Consumer Proposals vs Bankruptcy
The following chart summarizes many of the similarities and differences between consumer proposals and bankruptcy.
What is it?
Consumer Proposals
Settlement with your creditors to pay back a portion of your debt, interest free, over a 5 year period. You can reduce your debt by up to 80%.
Bankruptcy
Legal declaration of not being able to pay back debts. It is better known as “A fresh start”.

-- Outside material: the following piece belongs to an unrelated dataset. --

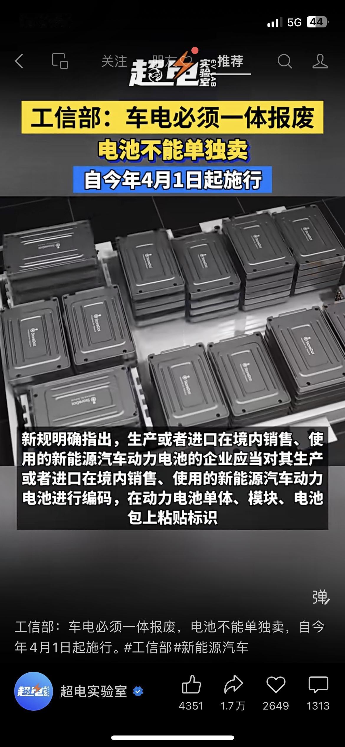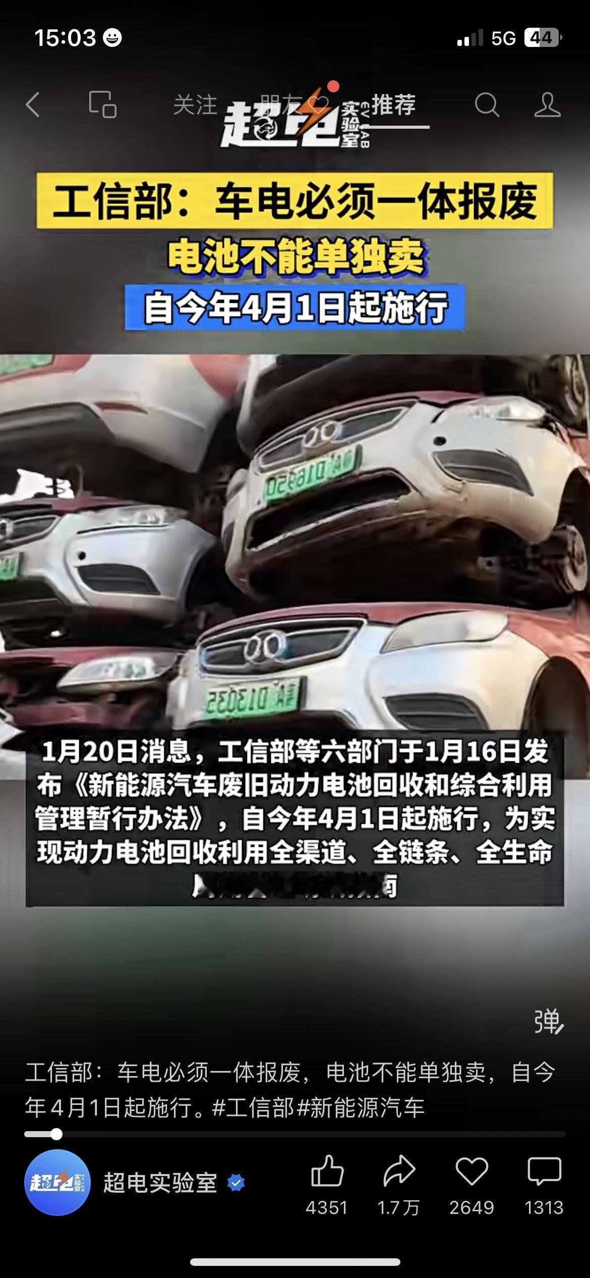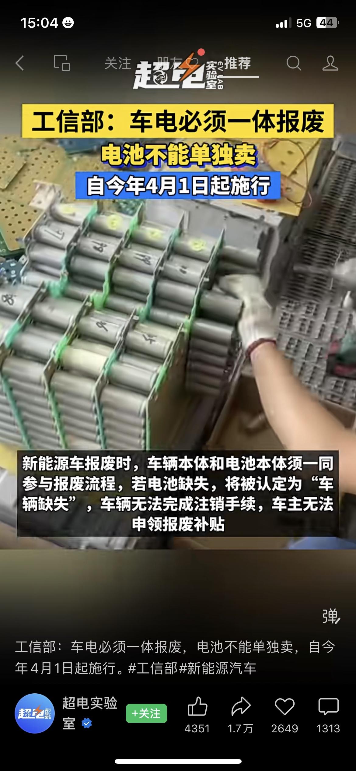 新能源车主要注意!4月起车电必须一起报废 我表哥去年刚把旧电车的电池拆下来卖了,现在新规一出,他车都没法报废领补贴!4月1日起,新能源车报废时电池不能单独拆卖,车电必须一起走流程,缺了电池连注销都办不了。 政策不是为了卡你,是为了让每块电池都能安全回家。 你家有旧电车吗?打算提前处理还是等新规落地? 新能源车报废 民生热点

What happens to my assets?
Consumer Proposals
You get to keep all of your assets!
Bankruptcy
Your assets will revert to your Licensed Insolvency Trustee, with the exception of exempt assets under Canadian law. Your LIT will liquidate your assets in order to pay your creditors.
What debts are included?
The same debts are included in a consumer proposal and a bankruptcy. Common examples include:
- Credit Card
- CRA Income tax debt
- Student loans *
- Line of Credit
- Unsecured Loans
- Payday Loans
How long is the process?
Consumer Proposals
Up to 5 years
Bankruptcy
First time bankruptcy – 9 months to 21 months
Second time bankruptcy – 24 months to 36 months
How long will it show on my credit report?
Consumer Proposals
3 years after you receive your certificate of full performance
Bankruptcy
First time bankruptcy – 7 years after you receive your discharge
Second time bankruptcy – 12 years after you receive your discharge
* Student loans are only included if you have been out of school for 7 years on the date you filed bankruptcy or consumer proposal.